Introduction: The importance of donor lymphocytes to the induction of tolerance to solid organ allografts was identified in the 1990s, however specific cell subsets and their individual roles have not been investigated. Recently described tissue-resident (TR) lymphocytes, including tissue-resident memory T (Trm), innate lymphoid cells (ILC), γδ T, iNKT and MAIT cells are likely to be transferred with the graft and impact the outcome of transplantation.

Methods: Orthotopic liver transplants were performed in either congenic or MHC mismatched mice. The graft liver and peripheral organs were analysed for donor- and recipient-derived tissue-resident lymphocytes by flow cytometry at 1 and 7 days post-surgery.

Results: Tissue-resident donor-derived lymphocytes were successfully transplanted and detectable 7 days after transplantation, although MHC mismatch of donor and recipient mice led to depletion of most donor cells. Donor cells were detected in peripheral organs after 7 days in congenic mice only. Recipient lymphocytes rapidly infiltrate the graft in both congenic and mismatched transplants and gain a tissue-resident phenoytpe.

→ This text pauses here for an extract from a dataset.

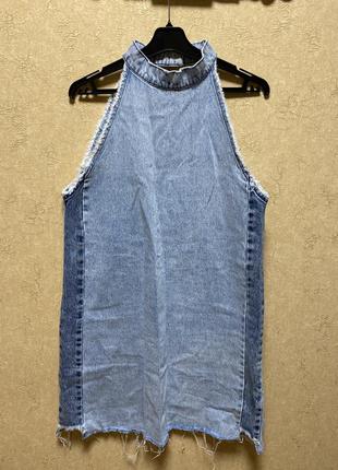 Джинсовый сарафан ,на шее застегивается ,сзади вырез
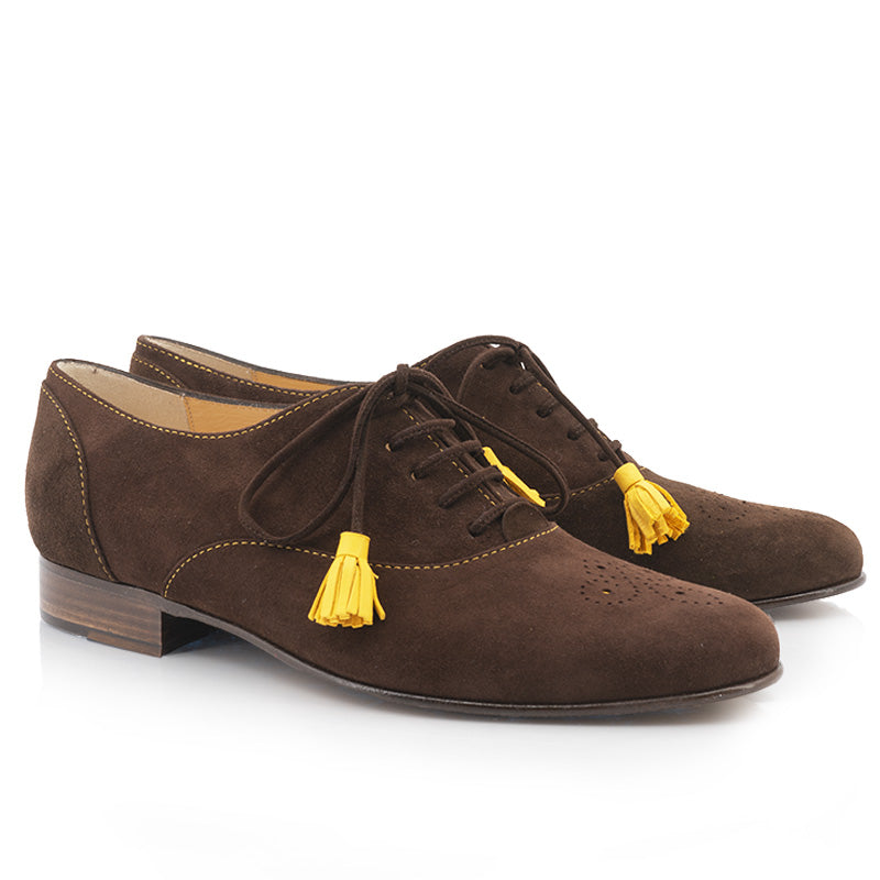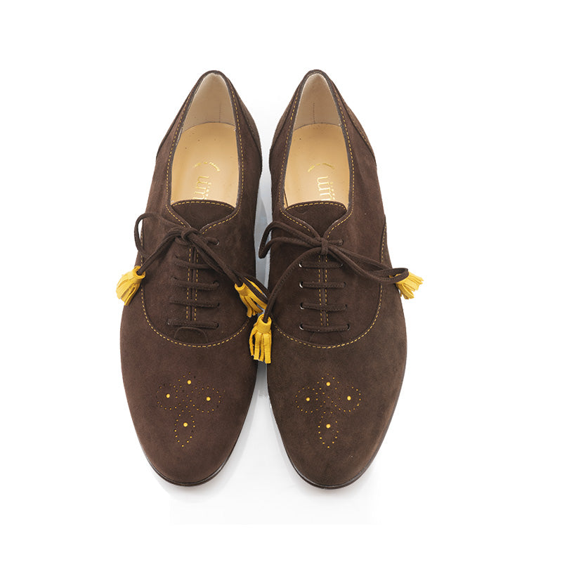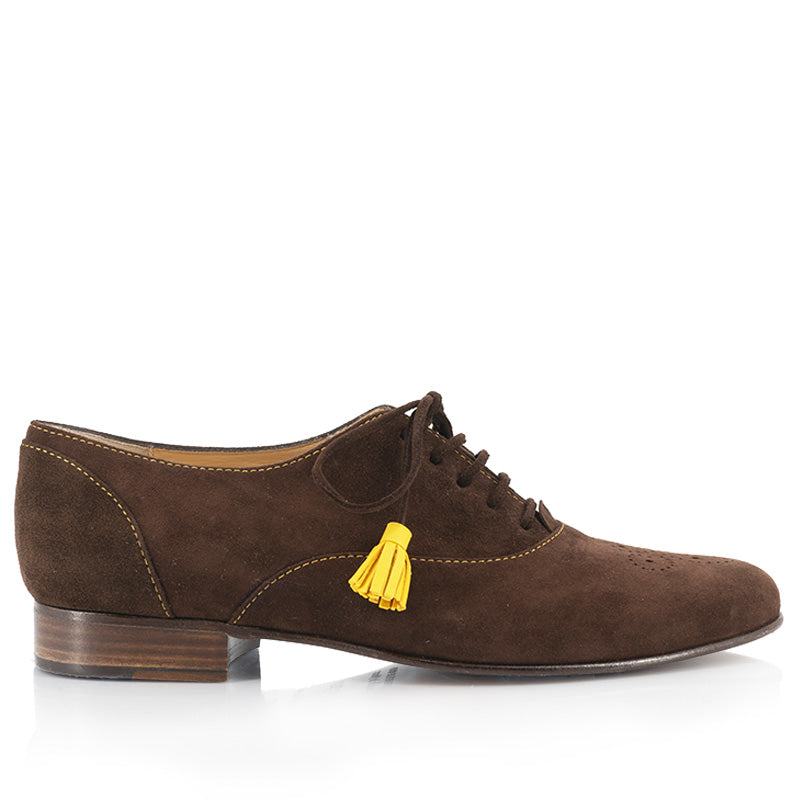 Lacets en cuir terminés par des pampilles en agneau de couleur contrastée, assortie aux coutures et perforations.

Conclusions: Tissue-resident cells within the liver are readily transferrable and are maintained within the new host when no MHC mismatch is present. Differential depletion of donor-derived cells in a mismatch context may give some insight into the mechanisms of rejection of solid organs. Similarly, infiltration and tissue-residency of recipient cells may influence transplant outcome.